Categories

You Won’t Believe My Excuse for Avoiding Exercise This Time

028b

This wasn’t the ACTUAL bird, but I bet he’s a relative.

At this time last year, I was all about working out. I started out walking a few blocks while feeling certain I was going into cardiac arrest. After a couple months, I was half-walking/half-running about 5K every day. Fast forward through a year of blood clots, a pulmonary embolism, plantar faciitis, and extreme laziness and here I am. I climb a flight of stairs, then gulp down oxygen while trying to hide the fact that I’m winded from walking up a dozen steps. And all the while, I’m vowing to start working out again.

Determined to get back into the groove of exercising regularly, I went for a walk yesterday. Instead of taking into account the fact that I can hardly make it up the stairs, I took off walking on my old 5K route. A smart person would have known that this little endeavor would not end well. Heck, even a stupid person would have probably known that.
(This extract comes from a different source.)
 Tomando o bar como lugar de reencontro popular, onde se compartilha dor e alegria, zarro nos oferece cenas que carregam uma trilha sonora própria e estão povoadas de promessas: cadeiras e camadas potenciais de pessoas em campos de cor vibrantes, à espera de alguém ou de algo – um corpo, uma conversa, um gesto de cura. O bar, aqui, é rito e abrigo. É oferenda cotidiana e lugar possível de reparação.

Clearly, I’m a level below stupid because I couldn’t see anything wrong with my plan.

It didn’t help that I’d spent the morning at the pool with my kids and was already tired from playing with the kids in the water. It also didn’t help that I was wearing jeans for this walk because “I didn’t want anyone to see my fat legs”. It also didn’t help that it was 92 degrees outside. Yeah, yeah, I know. But you’ve gotta give me points for blind determination, right?

So I started walking, moving along at a decent rate. I even made it to the halfway point without dropping dead so I figured I was doing pretty well. I reached the lake and made the turn to follow the shore around and start heading back. And then it happened. It’s not what you think. I didn’t pass out or throw up. I didn’t stop and sit down to rest. I didn’t lose my mind and jump into the foul-smelling, alligator-infested water to cool off. Nope. I was hit. By a fish. Falling from the sky. I couldn’t make this stuff up if I tried.
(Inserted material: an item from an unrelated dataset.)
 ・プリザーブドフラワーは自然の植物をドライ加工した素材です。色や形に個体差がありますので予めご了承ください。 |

There I was just walking along, minding my own business, listening to my tunes when a fish-bomb pegged me on the shoulder. I kind of freaked out. What am I saying? Of course, I freaked out! Fish rarely come flying out of the sky and land on people. In fact, I can safely say that this has never happened to me before. So I freaked out and jumped and tried to figure out what had hit me and who had thrown it. It took me what seemed like 5 minutes before I realized that a bird flying overhead had targeted me with his catch of the day.

I fumbled with my phone, trying to unlock it and go from Pandora to my camera so I could get visual proof of the fish lying lifeless on the sidewalk, but before I could untangle myself from my ear buds and get my act together, the kamikaze bird dove for my head. I assumed the duck and cover position while screaming like an idiot and dancing around, not because I was scared, mind you, but because I was pretty sure that would be an effective bird-deterrent move. Oh, who am I kidding? I jumped around like an idiot because it’s human nature to jump around like an idiot when a bird dive bombs you. And I’m a big baby. And birds freak me out in a Hitchcock sort of way.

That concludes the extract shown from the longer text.